Among the entries below, which lines run from the line with "Les sols ont" through the line with "LOT: 43523115 VIN: 1FTRF12256NB80064"? Retype those, both ends included, exactly and without pictures.
*** Opening of Records for the exercise ***
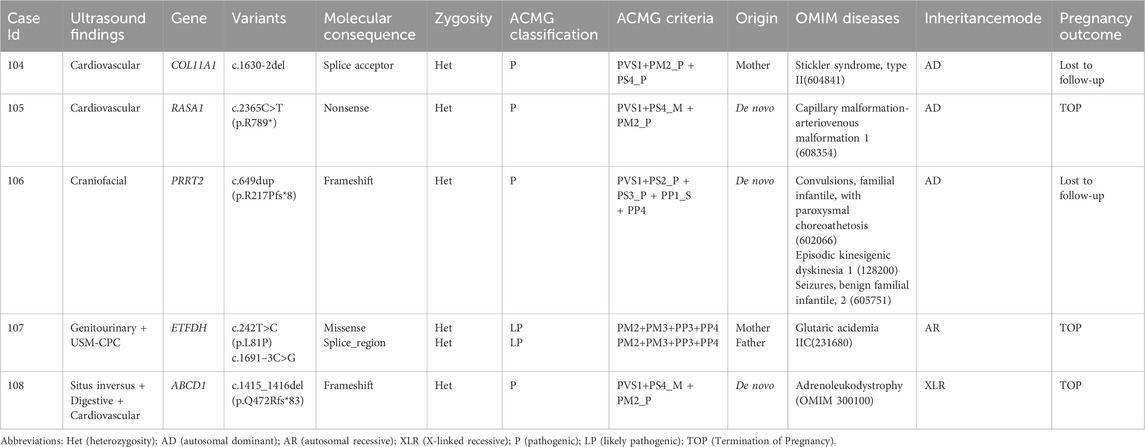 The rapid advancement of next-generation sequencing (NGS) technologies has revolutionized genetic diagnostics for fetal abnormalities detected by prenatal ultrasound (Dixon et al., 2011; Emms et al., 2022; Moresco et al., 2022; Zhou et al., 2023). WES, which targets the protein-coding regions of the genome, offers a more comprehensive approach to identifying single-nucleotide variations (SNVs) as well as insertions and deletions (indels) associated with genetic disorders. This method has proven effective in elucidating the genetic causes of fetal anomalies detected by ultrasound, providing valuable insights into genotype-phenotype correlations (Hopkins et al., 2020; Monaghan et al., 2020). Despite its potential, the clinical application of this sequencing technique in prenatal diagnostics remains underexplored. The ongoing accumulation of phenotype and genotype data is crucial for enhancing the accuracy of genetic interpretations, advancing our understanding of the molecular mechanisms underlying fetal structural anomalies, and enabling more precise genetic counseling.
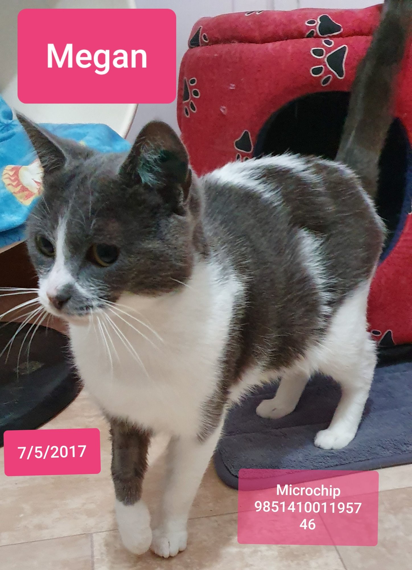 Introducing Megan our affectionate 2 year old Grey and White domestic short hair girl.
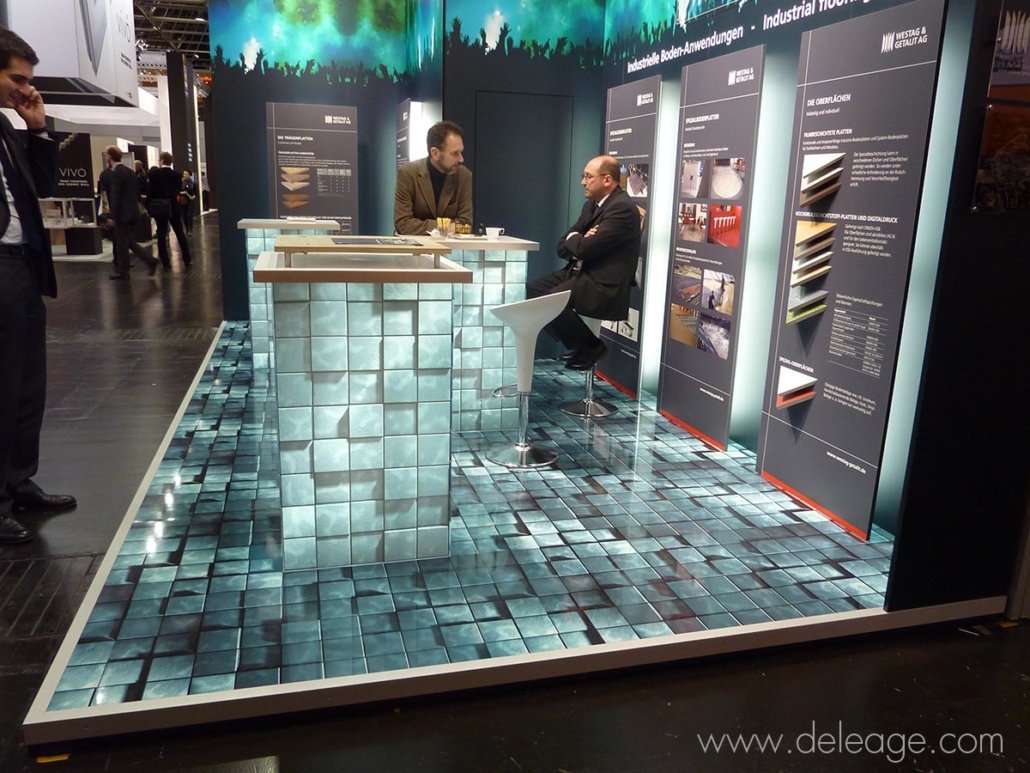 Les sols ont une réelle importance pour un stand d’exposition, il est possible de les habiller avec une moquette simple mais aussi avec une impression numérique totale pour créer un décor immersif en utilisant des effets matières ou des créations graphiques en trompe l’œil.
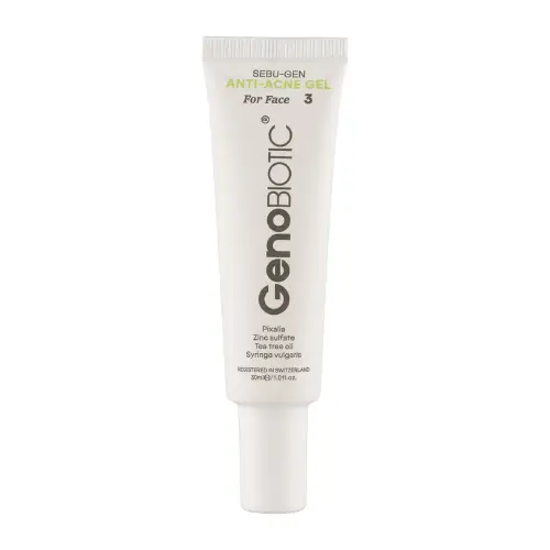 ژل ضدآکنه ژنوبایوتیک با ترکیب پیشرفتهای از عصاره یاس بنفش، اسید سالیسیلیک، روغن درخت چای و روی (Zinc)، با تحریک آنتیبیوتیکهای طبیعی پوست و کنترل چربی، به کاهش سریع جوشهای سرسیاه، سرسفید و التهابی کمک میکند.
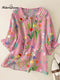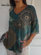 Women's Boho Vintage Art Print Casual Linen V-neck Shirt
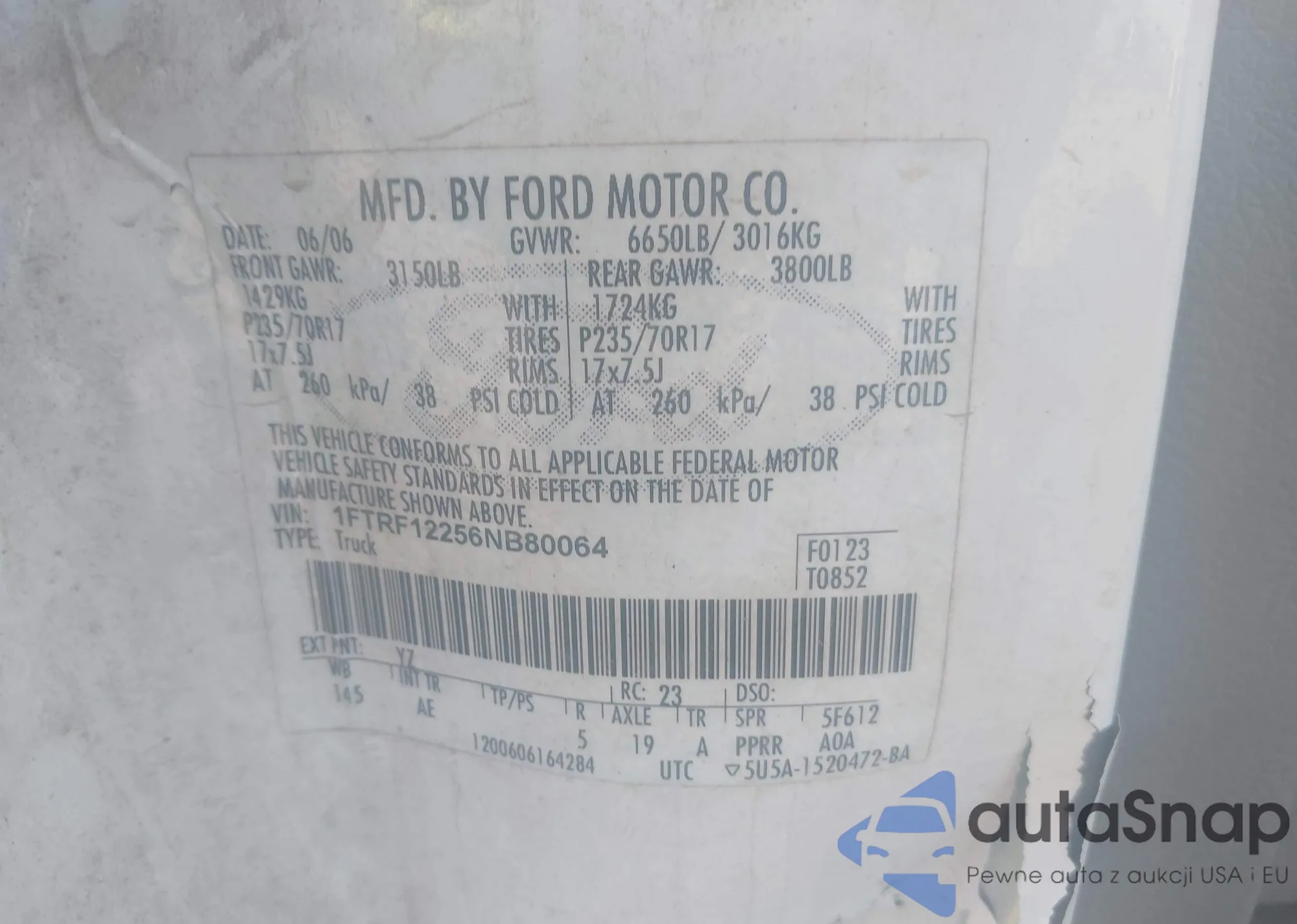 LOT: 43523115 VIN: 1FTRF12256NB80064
*** Close of Records for the exercise ***
*** Opening of Records for the exercise ***
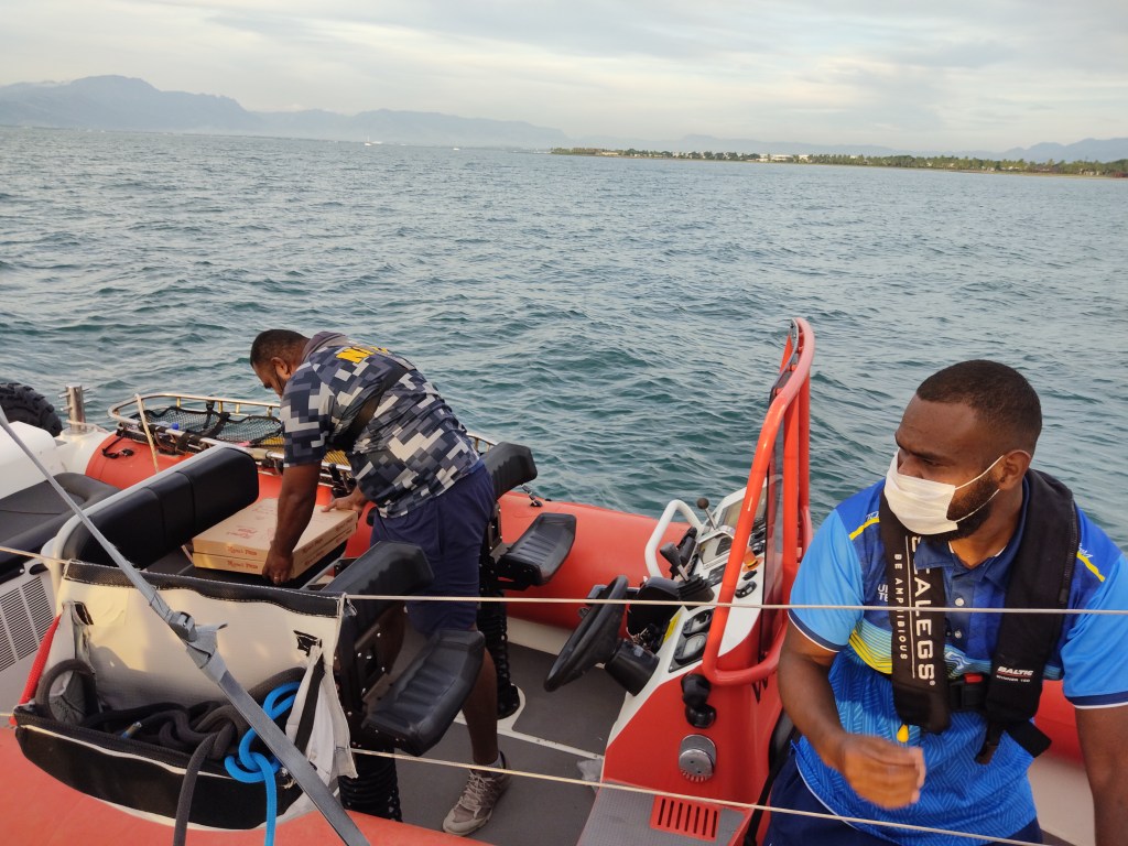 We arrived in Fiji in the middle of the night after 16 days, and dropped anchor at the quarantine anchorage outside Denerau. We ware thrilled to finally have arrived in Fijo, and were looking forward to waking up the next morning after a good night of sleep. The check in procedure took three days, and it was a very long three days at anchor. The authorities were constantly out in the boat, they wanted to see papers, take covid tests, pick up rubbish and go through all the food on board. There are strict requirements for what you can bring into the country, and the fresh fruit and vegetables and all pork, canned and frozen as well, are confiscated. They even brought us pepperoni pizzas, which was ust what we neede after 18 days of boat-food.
*** Close of Records for the exercise ***
Solution for this task
 Les sols ont une réelle importance pour un stand d’exposition, il est possible de les habiller avec une moquette simple mais aussi avec une impression numérique totale pour créer un décor immersif en utilisant des effets matières ou des créations graphiques en trompe l’œil.
 ژل ضدآکنه ژنوبایوتیک با ترکیب پیشرفتهای از عصاره یاس بنفش، اسید سالیسیلیک، روغن درخت چای و روی (Zinc)، با تحریک آنتیبیوتیکهای طبیعی پوست و کنترل چربی، به کاهش سریع جوشهای سرسیاه، سرسفید و التهابی کمک میکند.
 Women's Boho Vintage Art Print Casual Linen V-neck Shirt
 LOT: 43523115 VIN: 1FTRF12256NB80064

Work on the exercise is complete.